▶ _What needs to be done_
Copy exactly the lines from the beginning of the data down to and including the line holding "1. 170 m reconstruit à neuf", without any pictures.

-- Records supplied follows --

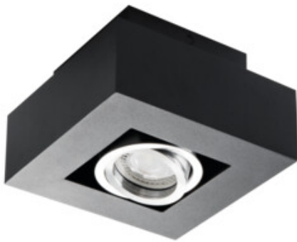
STOBI DLP 50-B
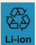
リチウムイオン電池
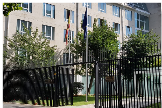
La Embajada de España, donde tiene su sede la Consejería de Educación

Si se desea información complementaria, se puede contactar con el Centro de Recursos Didácticos de la Consejería de Educación por teléfono (01 47 07 48 58) o por correo electrónico: centrorecursos.fr@educacion.gob.es
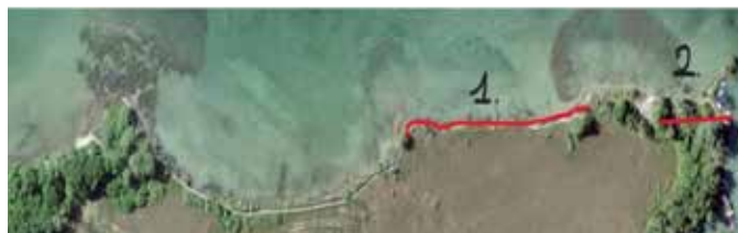
1. 170 m reconstruit à neuf

Le tracé depuis le pont des Pointus sera quant à lui modifié car l'érosion à cet endroit est trop avancée. Un passage en ligne droite, du pont aux passerelles, sera aménagé à travers les arbres (2).
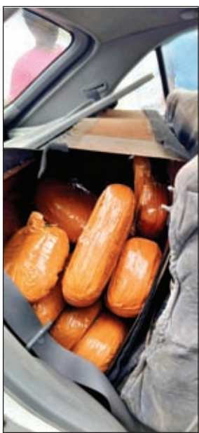
वाहन में लोड गांजा

में लगभग 21 किलो गांजा बरामद किया, जिसे मजिस्ट्रेट की मौजूदगी में सील करते हुए अग्रतर कार्रवाई में जुट गयी है। इधर इस दुर्घटना के बाद एनएच के रास्ते होने वाले मादक पदार्थ गांजा की तस्करी का खेल भी उजागर हो गया है। अगर तस्करी की किस्मत खराब नहीं होती व दुर्घटना नहीं हुआ होता तो तस्करी आराम से गांजा लेकर अपने निकल जाते। तस्करी के हिम्मत का अंदाज
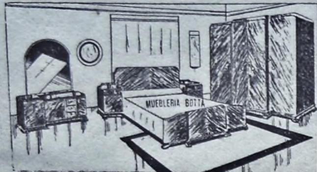
Sorberbio dormitorio en abedul macizo, creación de nuestros talleres

Para reparaciones de radio contamos con un personal de técnicos competentes
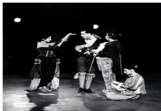
“NOCHE DE REYES Y RICARDO II” (1992)
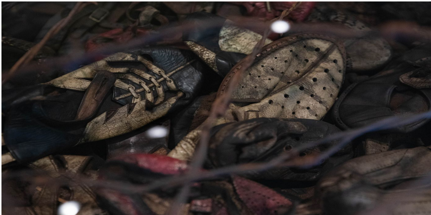
Muzeum i Miejsce Pamięci w Bełżcu.

https://przystanekhistoria.pl/pa2/tematy/zydzi/93533,Starzy-i-mlodzi-chorzy-i-dzieci-wszyscy-z-tobolkami-Zagl-ada-jasielskich-Zydow.html
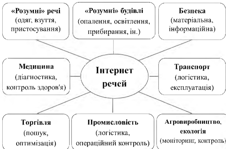
Рис. 2. Сфери використання Інтернету речей

Участь інформаційних факторів у функціонуванні сучасного підприємства пов'язана з виконанням низки функцій, зокрема:
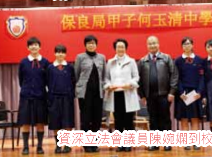
資深立法會議員陳婉嫻到校與本校學生討論識香港的勞工議題
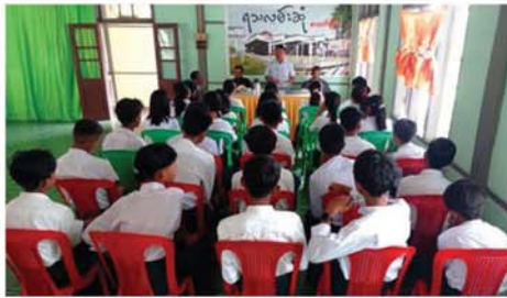
ရေးနှင့်ပြည်သူ့ဆက်ဆံရေးဦးစီးဌာနမှ ရုပ်သံကျွမ်းကျင်-၃ ဦးစေတင်ထွေး(စာရေးဆရာ

သာစည် နိုဝင်ဘာ ၂၃ မန္တလေးတိုင်းဒေသကြီး၊ သာစည်မြို့နယ်၌ စာဖတ်ရိုက်မြှင့်တင်ရေးအဖွဲ့မှ စာပေဆရာများနှင့် ကျောင်းသားလူငယ်များပါဝင်သော ရသလမ်းဆုံ စာဖတ်ပိုင်းကို နိုဝင်ဘာ ၁၉ ရက် နံနက် ၉ နာရီခွဲက မြို့နယ်ပြန်ကြားရေးနှင့်ပြည်သူ့ဆက်ဆံရေးဦးစီးဌာန လူထုအခြေပြုဗဟိုဌာန၌ ကျင်းပသည်။

-- Records supplied concluded --

▶ _Solution for this task_
STOBI DLP 50-B
リチウムイオン電池
La Embajada de España, donde tiene su sede la Consejería de Educación

Si se desea información complementaria, se puede contactar con el Centro de Recursos Didácticos de la Consejería de Educación por teléfono (01 47 07 48 58) o por correo electrónico: centrorecursos.fr@educacion.gob.es
1. 170 m reconstruit à neuf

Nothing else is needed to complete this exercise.